The speaker begins by sharing their experience of purchasing Nvidia stocks in hopes of capitalizing on the AI boom, only to witness a decline in stock value. They argue that the current market panic is not a reflection of AI's potential but rather a response to the shortcomings of Large Language Models (LLMs). The speaker highlights the issue of 'hallucinations' in LLMs, where these models produce nonsensical outputs with confidence. Despite improvements in avoiding obvious errors, such as generating real book recommendations, LLMs still struggle with logical consistency, as illustrated by the kindergarten riddle example. The speaker emphasizes that the problem lies in the models' inability to discern 'good' output based on human metrics, suggesting that integrating logic and symbolic language, as seen in neurosymbolic AI, could resolve many of these issues. They conclude by expressing optimism for AI's future, particularly in approaches that combine neural networks with logical reasoning, citing Deepmind's progress in AI-assisted mathematical proofs as an encouraging sign.

05:01

šŸ§  Beyond Words: The Necessity of Logic in AI Development

In the second paragraph, the speaker addresses the limitations of training large language models on vast amounts of text and images, arguing that such an approach does not lead to true understanding. They discuss the concept of 'linguistic confusion', pointing out the inherent subjectivity in language use and the difficulty of establishing logical relations from diverse textual sources. The speaker advocates for a foundational approach to AI that starts with mathematical and physical models, suggesting that companies investing solely in LLMs may not recoup their investments. They predict that success in AI will come to those who build on logical reasoning and real-world models, using Deepmind's virtual mouse example to illustrate this point. The speaker ends with a tongue-in-cheek comment about the potential chaos of AI in stock management and promotes Brilliant.org for those interested in learning more about neural networks and AI, offering a discount for new users through a provided link.

Mindmap

Keywords

šŸ’”Nvidia stocks

Nvidia is a leading technology company known for its graphics processing units (GPUs) and is a significant player in the AI industry. The video discusses the purchase of Nvidia stocks as an investment in the AI boom, which has seen a drop in value, reflecting the fluctuating investor confidence in AI technologies.

šŸ’”AI boom

The term 'AI boom' refers to the rapid growth and increased interest in artificial intelligence technologies. It is the backdrop against which the video's narrative is set, as the speaker discusses the investment in AI and its potential despite current market fluctuations.
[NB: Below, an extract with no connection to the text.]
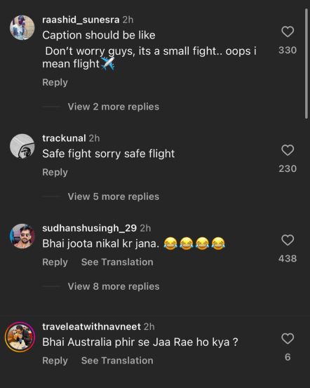 “कॅप्शन असं असलं पाहिजे की- काळजी करू नका मित्रांनो, ही एक छोटीशी फाईट आहे.. अरेरे फाईट नाही फ्लाइट आहे.”, “ऑस्ट्रेलियाला नाही जात आहात ना”, “कृपया आता तरी भांडू नका” अशा अनेक मजेशीर कमेंट्स नेटकर्यांनी या फोटोवर केल्या आहेत. कपिल आणि सुनीलचा हा फोटो सध्या सोशल मीडियावर मोठ्या प्रमाणावर व्हायरल होतोय.

šŸ’”Large Language Models (LLMs)

Large Language Models are a type of AI that processes and generates human-like text based on vast amounts of data. The video identifies LLMs as a specific area of AI that is currently facing challenges, such as producing 'hallucinations' or nonsensical outputs, which is causing a bubble to burst in the AI market.

šŸ’”Hallucinations

In the context of AI, 'hallucinations' refer to the phenomenon where an AI model confidently generates incorrect or nonsensical information. The video uses this term to describe a flaw in LLMs, where they may produce outputs that seem plausible but are factually incorrect, such as citing non-existent legal cases.

šŸ’”Symbolic language

Symbolic language in AI refers to the use of structured, logical representations of knowledge, akin to mathematical notation. The video suggests that teaching AI to use symbolic language, as part of a neurosymbolic approach, could address the issues with LLMs and lead to more accurate and logical AI outputs.

šŸ’”Neurosymbolic AI

Neurosymbolic AI is a hybrid approach that combines neural networks with symbolic reasoning. The video posits that this approach could solve many of the problems associated with LLMs by integrating logic and structured knowledge representation into AI systems.

šŸ’”DeepMind

DeepMind is an AI company known for its advances in creating AI systems that can solve complex problems, such as mathematical proofs. The video highlights DeepMind's progress as an example of the potential for AI that goes beyond LLMs and incorporates logical reasoning and models of the physical world.

šŸ’”Linguistic confusion

Linguistic confusion refers to the idea that different people use words with slightly different meanings, leading to ambiguity. The video discusses this concept as a challenge for AI, especially when training on text from billions of individuals, which can obscure logical relationships between words.

šŸ’”Physical reality models

Physical reality models are representations of how the physical world operates, often based on mathematical principles. The video argues that building AI on a foundation of physical reality models and mathematics, rather than just words, is key to creating truly intelligent AI systems.

šŸ’”Brilliant.org

Brilliant.org is an online platform offering interactive courses in various fields, including science, computer science, and mathematics. The video recommends it as a resource for learning more about neural networks, large language models, and other AI-related topics, with a special offer for viewers to try the platform.

Highlights

Investment in Nvidia stocks was motivated by the AI boom, but the stocks have been dropping due to investor panic.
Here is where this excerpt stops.